Task description: Your output should be the lines below from the one holding "2021年5月19日19:0" through the one holding "В это время", transcribed exactly, with no pictures.
** Given entries follows **
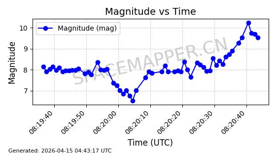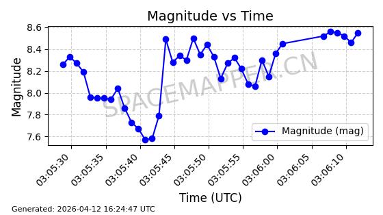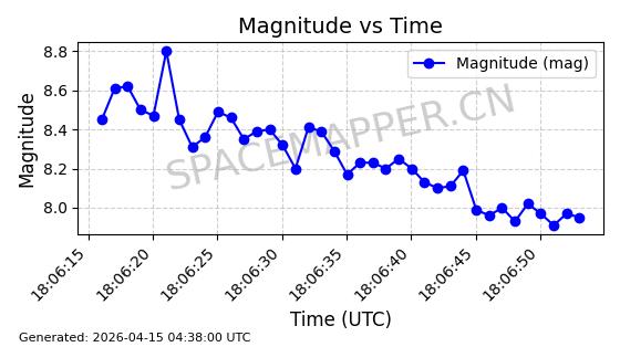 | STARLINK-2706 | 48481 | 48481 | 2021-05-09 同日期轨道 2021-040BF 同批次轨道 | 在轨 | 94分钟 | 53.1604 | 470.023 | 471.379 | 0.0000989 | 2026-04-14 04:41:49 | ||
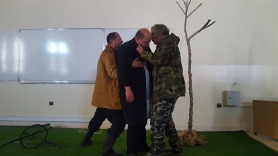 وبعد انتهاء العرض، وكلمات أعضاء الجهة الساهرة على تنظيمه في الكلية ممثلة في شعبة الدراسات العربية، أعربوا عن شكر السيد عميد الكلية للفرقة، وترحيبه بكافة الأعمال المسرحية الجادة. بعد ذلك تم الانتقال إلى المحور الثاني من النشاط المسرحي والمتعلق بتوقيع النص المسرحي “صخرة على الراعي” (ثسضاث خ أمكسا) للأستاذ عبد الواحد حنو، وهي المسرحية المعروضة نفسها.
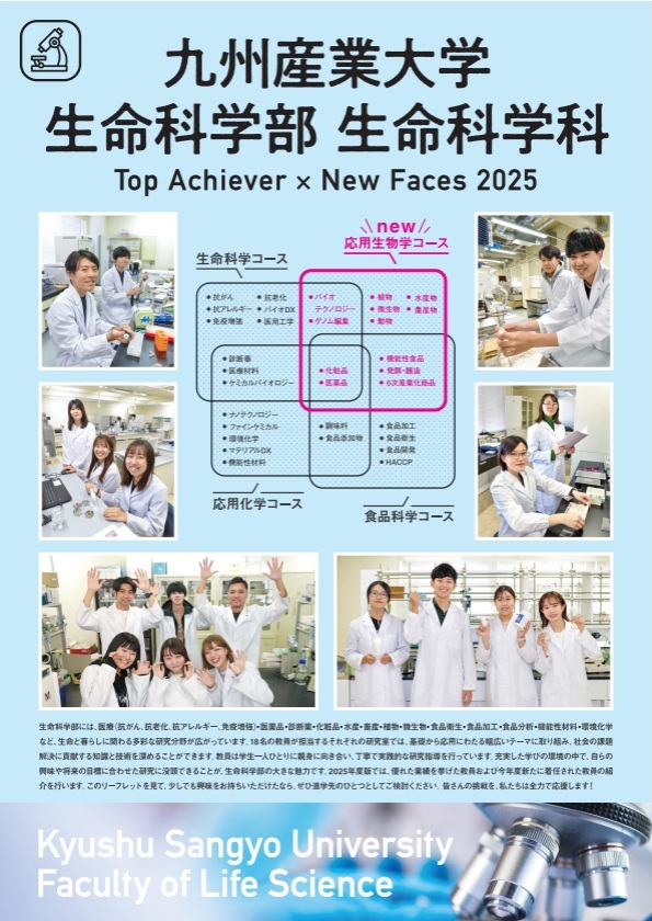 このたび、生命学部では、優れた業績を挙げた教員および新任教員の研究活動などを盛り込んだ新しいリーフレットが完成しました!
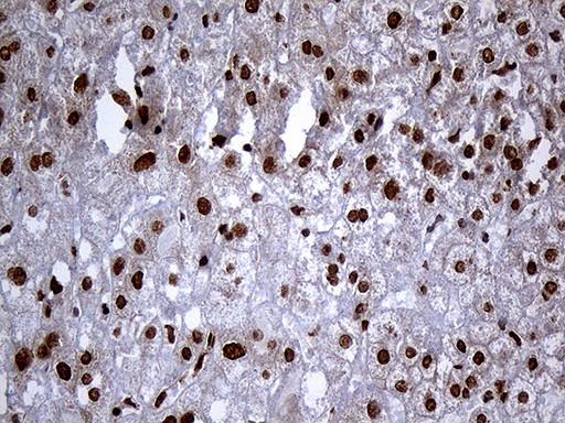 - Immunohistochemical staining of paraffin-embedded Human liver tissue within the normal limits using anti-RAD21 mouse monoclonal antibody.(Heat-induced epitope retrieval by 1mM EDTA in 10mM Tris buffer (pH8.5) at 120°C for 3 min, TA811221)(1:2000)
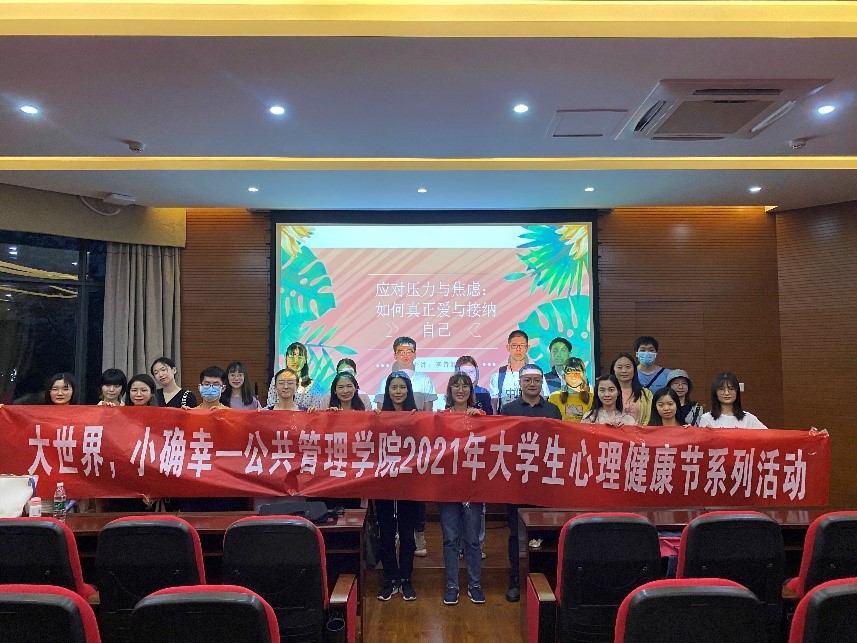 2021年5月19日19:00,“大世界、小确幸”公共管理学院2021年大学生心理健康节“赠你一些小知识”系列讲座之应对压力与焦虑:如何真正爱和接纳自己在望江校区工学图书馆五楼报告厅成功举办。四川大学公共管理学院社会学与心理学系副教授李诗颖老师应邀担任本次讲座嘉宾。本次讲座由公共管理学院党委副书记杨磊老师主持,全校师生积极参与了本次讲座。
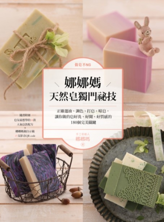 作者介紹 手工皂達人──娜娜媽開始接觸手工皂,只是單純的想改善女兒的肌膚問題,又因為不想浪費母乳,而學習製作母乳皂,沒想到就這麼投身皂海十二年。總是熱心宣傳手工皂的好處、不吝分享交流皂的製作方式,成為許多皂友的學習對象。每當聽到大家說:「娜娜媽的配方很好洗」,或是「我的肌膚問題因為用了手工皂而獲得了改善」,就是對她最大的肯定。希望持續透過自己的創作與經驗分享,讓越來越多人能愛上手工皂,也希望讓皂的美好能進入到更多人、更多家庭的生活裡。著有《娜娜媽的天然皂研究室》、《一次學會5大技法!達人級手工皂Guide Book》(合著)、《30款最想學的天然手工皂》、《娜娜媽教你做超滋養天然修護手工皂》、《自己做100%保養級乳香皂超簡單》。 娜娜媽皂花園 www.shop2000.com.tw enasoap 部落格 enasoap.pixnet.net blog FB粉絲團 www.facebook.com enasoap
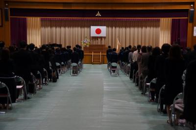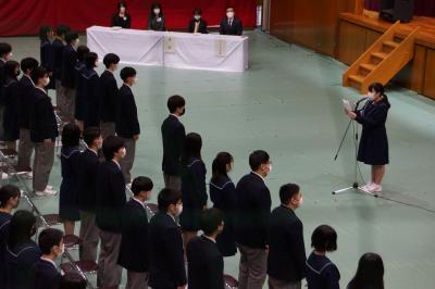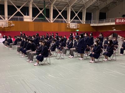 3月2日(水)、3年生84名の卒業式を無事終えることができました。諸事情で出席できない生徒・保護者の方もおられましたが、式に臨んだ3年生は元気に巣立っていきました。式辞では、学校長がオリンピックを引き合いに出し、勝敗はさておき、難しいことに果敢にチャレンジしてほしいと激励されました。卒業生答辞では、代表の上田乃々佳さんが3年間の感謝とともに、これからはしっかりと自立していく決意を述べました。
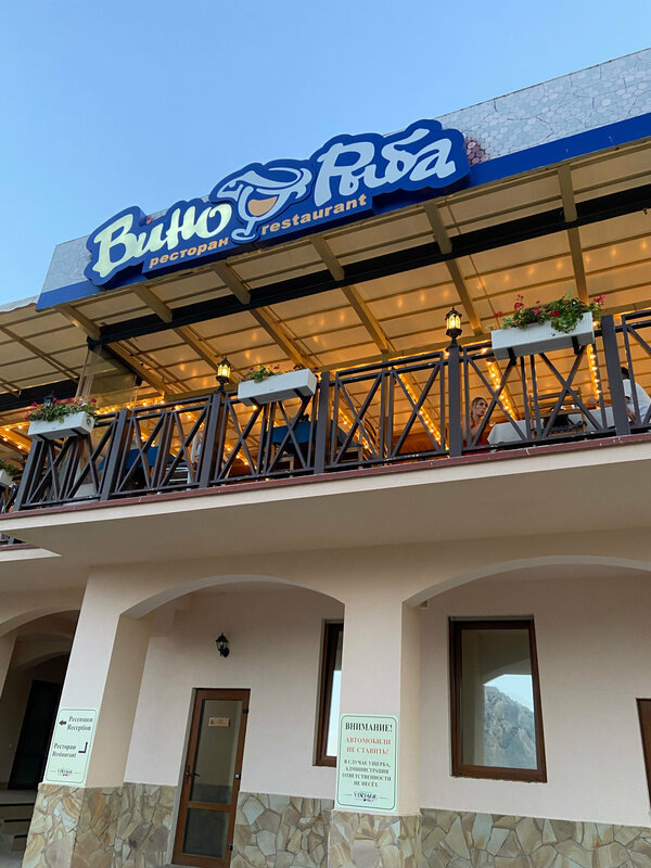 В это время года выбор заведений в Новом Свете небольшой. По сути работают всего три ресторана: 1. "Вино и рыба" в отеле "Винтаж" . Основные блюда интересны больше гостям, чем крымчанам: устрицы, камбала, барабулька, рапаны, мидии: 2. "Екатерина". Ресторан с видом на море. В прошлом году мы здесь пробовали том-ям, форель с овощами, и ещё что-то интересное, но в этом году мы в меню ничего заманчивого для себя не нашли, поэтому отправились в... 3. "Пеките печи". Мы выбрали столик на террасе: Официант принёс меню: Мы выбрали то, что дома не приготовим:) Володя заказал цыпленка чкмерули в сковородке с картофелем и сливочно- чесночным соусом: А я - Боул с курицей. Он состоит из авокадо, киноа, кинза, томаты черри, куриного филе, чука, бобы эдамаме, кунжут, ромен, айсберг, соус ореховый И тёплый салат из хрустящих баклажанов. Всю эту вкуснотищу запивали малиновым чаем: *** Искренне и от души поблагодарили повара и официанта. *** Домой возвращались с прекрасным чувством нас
** End of Given entries **
** Given entries follows **
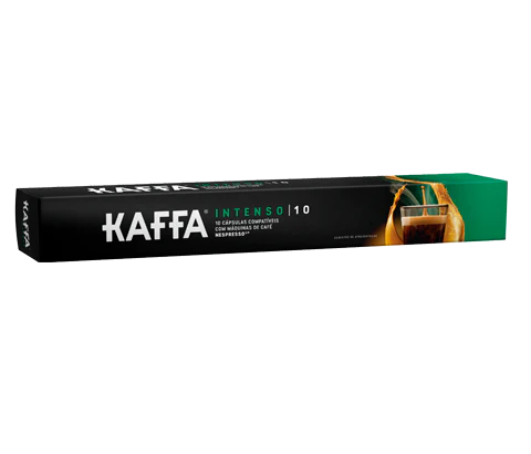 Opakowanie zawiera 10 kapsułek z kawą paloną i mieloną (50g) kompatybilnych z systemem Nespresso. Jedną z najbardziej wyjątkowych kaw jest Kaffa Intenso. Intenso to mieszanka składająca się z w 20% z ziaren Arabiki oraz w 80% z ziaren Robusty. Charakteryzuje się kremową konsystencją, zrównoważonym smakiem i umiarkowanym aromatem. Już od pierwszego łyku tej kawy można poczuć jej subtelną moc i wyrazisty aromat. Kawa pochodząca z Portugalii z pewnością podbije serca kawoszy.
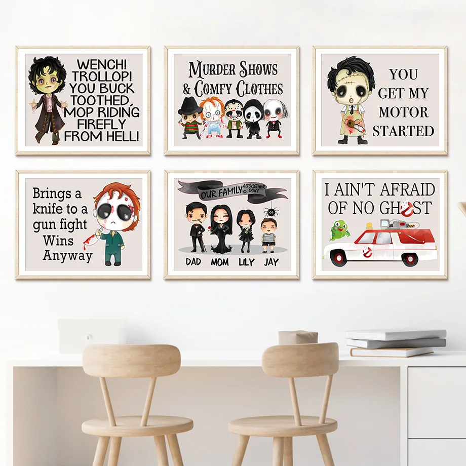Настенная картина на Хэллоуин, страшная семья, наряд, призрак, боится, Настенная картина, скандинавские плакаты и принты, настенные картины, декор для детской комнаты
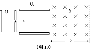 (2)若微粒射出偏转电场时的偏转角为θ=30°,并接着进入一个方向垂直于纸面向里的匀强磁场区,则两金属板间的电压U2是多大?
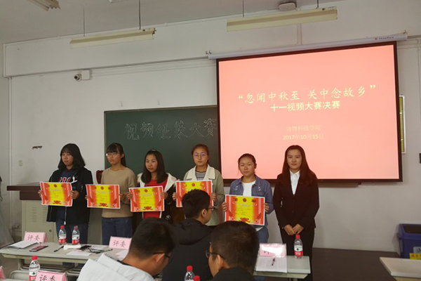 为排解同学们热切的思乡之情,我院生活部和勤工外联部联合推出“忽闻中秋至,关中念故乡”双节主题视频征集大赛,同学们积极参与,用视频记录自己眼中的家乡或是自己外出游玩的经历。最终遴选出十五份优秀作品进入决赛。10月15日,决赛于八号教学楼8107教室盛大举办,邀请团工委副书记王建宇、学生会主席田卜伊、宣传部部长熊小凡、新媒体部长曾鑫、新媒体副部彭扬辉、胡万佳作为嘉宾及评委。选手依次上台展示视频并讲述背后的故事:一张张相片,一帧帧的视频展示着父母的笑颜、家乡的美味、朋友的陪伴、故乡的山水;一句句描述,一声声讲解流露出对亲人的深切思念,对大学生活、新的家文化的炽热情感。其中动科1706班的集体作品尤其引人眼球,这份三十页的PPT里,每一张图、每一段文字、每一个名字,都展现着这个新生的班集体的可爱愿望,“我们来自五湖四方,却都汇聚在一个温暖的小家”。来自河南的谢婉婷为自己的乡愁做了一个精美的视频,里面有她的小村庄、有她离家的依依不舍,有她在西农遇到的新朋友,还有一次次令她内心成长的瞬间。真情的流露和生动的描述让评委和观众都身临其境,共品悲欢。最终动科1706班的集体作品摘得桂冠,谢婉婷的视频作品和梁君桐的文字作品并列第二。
** End of Given entries **
** Given entries follows **
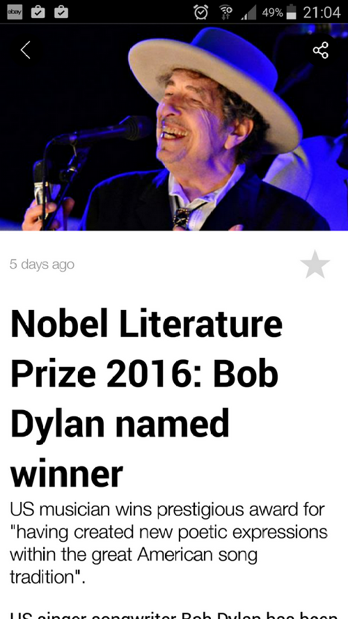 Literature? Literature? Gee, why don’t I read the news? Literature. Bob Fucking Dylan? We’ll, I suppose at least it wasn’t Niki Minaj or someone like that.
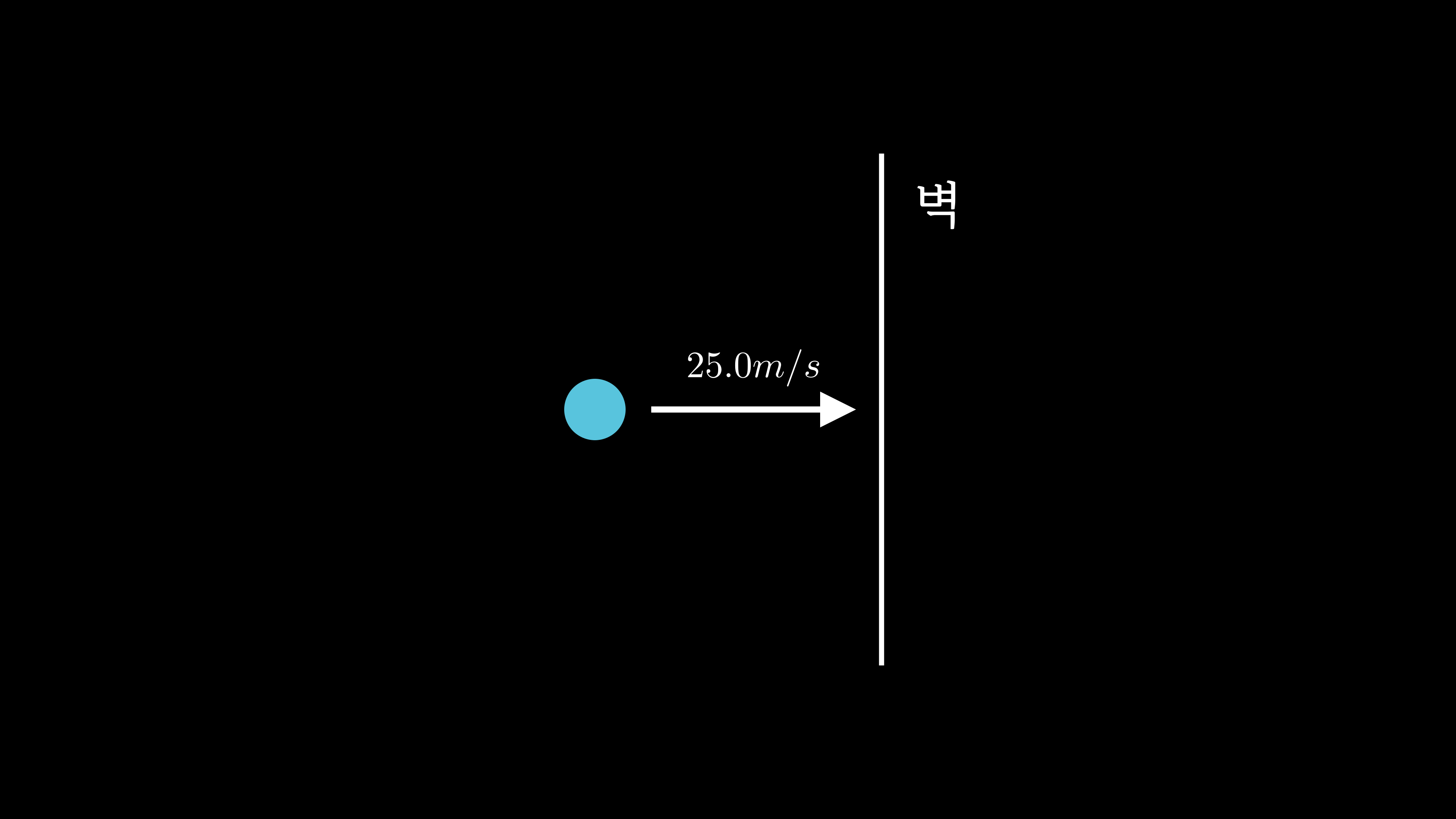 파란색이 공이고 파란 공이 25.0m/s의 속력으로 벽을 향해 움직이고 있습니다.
** End of Given entries **
Written response:
 2021年5月19日19:00,“大世界、小确幸”公共管理学院2021年大学生心理健康节“赠你一些小知识”系列讲座之应对压力与焦虑:如何真正爱和接纳自己在望江校区工学图书馆五楼报告厅成功举办。四川大学公共管理学院社会学与心理学系副教授李诗颖老师应邀担任本次讲座嘉宾。本次讲座由公共管理学院党委副书记杨磊老师主持,全校师生积极参与了本次讲座。
 作者介紹 手工皂達人──娜娜媽開始接觸手工皂,只是單純的想改善女兒的肌膚問題,又因為不想浪費母乳,而學習製作母乳皂,沒想到就這麼投身皂海十二年。總是熱心宣傳手工皂的好處、不吝分享交流皂的製作方式,成為許多皂友的學習對象。每當聽到大家說:「娜娜媽的配方很好洗」,或是「我的肌膚問題因為用了手工皂而獲得了改善」,就是對她最大的肯定。希望持續透過自己的創作與經驗分享,讓越來越多人能愛上手工皂,也希望讓皂的美好能進入到更多人、更多家庭的生活裡。著有《娜娜媽的天然皂研究室》、《一次學會5大技法!達人級手工皂Guide Book》(合著)、《30款最想學的天然手工皂》、《娜娜媽教你做超滋養天然修護手工皂》、《自己做100%保養級乳香皂超簡單》。 娜娜媽皂花園 www.shop2000.com.tw enasoap 部落格 enasoap.pixnet.net blog FB粉絲團 www.facebook.com enasoap
 3月2日(水)、3年生84名の卒業式を無事終えることができました。諸事情で出席できない生徒・保護者の方もおられましたが、式に臨んだ3年生は元気に巣立っていきました。式辞では、学校長がオリンピックを引き合いに出し、勝敗はさておき、難しいことに果敢にチャレンジしてほしいと激励されました。卒業生答辞では、代表の上田乃々佳さんが3年間の感謝とともに、これからはしっかりと自立していく決意を述べました。
 В это время года выбор заведений в Новом Свете небольшой. По сути работают всего три ресторана: 1. "Вино и рыба" в отеле "Винтаж" . Основные блюда интересны больше гостям, чем крымчанам: устрицы, камбала, барабулька, рапаны, мидии: 2. "Екатерина". Ресторан с видом на море. В прошлом году мы здесь пробовали том-ям, форель с овощами, и ещё что-то интересное, но в этом году мы в меню ничего заманчивого для себя не нашли, поэтому отправились в... 3. "Пеките печи". Мы выбрали столик на террасе: Официант принёс меню: Мы выбрали то, что дома не приготовим:) Володя заказал цыпленка чкмерули в сковородке с картофелем и сливочно- чесночным соусом: А я - Боул с курицей. Он состоит из авокадо, киноа, кинза, томаты черри, куриного филе, чука, бобы эдамаме, кунжут, ромен, айсберг, соус ореховый И тёплый салат из хрустящих баклажанов. Всю эту вкуснотищу запивали малиновым чаем: *** Искренне и от души поблагодарили повара и официанта. *** Домой возвращались с прекрасным чувством нас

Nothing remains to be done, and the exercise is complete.